NEW PORT RICHEY — When detectives looked at Donna Young dead in her bed, a pillow covering her face, their suspicions pointed them to the person who had found her like that: her son.
Over two days in April 2007, two Pasco sheriff's detectives questioned Ryan Young, then 24, about what happened to his mother, eventually confronting him about inconsistencies in what he said. Several times, he denied killing her. But another time, according to court records, he admitted to making the scene in her house on Hathaway Drive look like a robbery.
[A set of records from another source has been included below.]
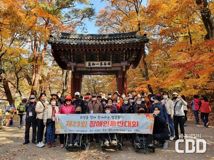 증평군장애인연합회(회장 연영찬)가 주관한 제23회 장애인 등반대회가 28일 보은군 속리산 (세조길)에서 열렸다.
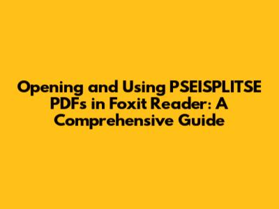 Navigating and Using PSEISPLITSE PDFs in Foxit Reader
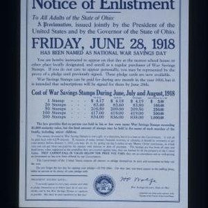 Notice of enlistment. To all adults of the State of Ohio: A proclamation, issued jointly by the President of the United States and by the Governor of the State of Ohio. Friday, June 28, 1918 has been named as National War Savings day. ... The money invested in War Savings Stamps is not a gift, or a donation, but a loan to the government. ... The government of the United States expects all citizens to pledge themselves [signed] H. P. Wolfe, War Savings Director
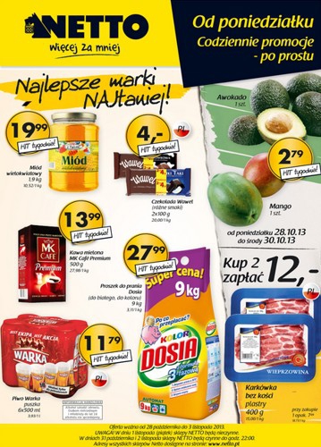 {loadposition linkNetto} Nowa gazetka promocyjna Netto - "Codziennie promocje - po prostu". Polecane promocje z gazetki Netto: Mango 1 sztuka - 2,79 zł. Karkówka bez kości plastry 2x400 g - 12 zł. Proszek do prania Dosia 9 kg…

He said he put the pillow over her face and pressed down.
He said he was glad she was dead, according to the records.
On Friday, a judge ruled that Young made all those statements voluntarily, when he was not in custody and free to leave the interviews.
As such, prosecutors can use them as evidence against him when he faces trial for the first-degree murder of Donna Young, who was 52.
Ryan Young, who remains in custody, faces life in prison if convicted. No trial date has been set. Prosecutor Mike Halkitis has said that the confessions make up the bulk of the state's case against him.
Young's attorney, Assistant Public Defender Dean Livermore, in a motion to suppress the confessions, had argued that the detectives intimidated and coerced Young to talk. He said they failed to read him his Miranda rights, which protect people from incriminating themselves, until after he had confessed.
Ryan Young called 911 just before noon April 17, 2007. Authorities say he was planning to steal his mother's ring to hock for cash and was surprised to find her home. Donna Young suffered from advanced multiple sclerosis, but she remained active and social and was beloved in her neighborhood.
When her son saw her in bed, he held a pillow over her face for about a minute. Then he opened drawers and cut a window screen to make it look like a break-in, sheriff's reports say.
He first talked to a detective while sitting outside the house in an unmarked patrol car. The interview was recorded, and Judge Thane Covert wrote in his order that the questions pertained mostly to the circumstances of Donna Young's discovery.
Ryan Young was asked if he had anything to do with her death; he denied that he did. After about 30 minutes, he got out of the car and joined his friends.
Later that day, he agreed to meet with detectives at the Sheriff's Office in an interview room.
"The defendant voluntarily came to the office and was told that he was not under arrest," Covert wrote. "He was not restrained in any manner."
They talked for about two hours. The detective, Covert wrote, was "sympathetic, conversational and polite." After a while, Young took a cigarette break, then returned and was read his Miranda rights.
He said he wanted to quit for the day, but then agreed to talk a little longer. That's when he made the incriminating admissions, Covert wrote.
A sergeant came into the room and confronted Young about his statements, sometimes raising his voice. Young asked for the door to be closed for privacy. He left soon after.
Covert cited case law that says when an interview starts out as voluntary but graduates to an interrogation, that still does not mean the person is considered to be in custody.
The day after Donna Young was found dead, detectives went back to talk to her son again. This time they told him what an autopsy found to be the cause of death: suffocation.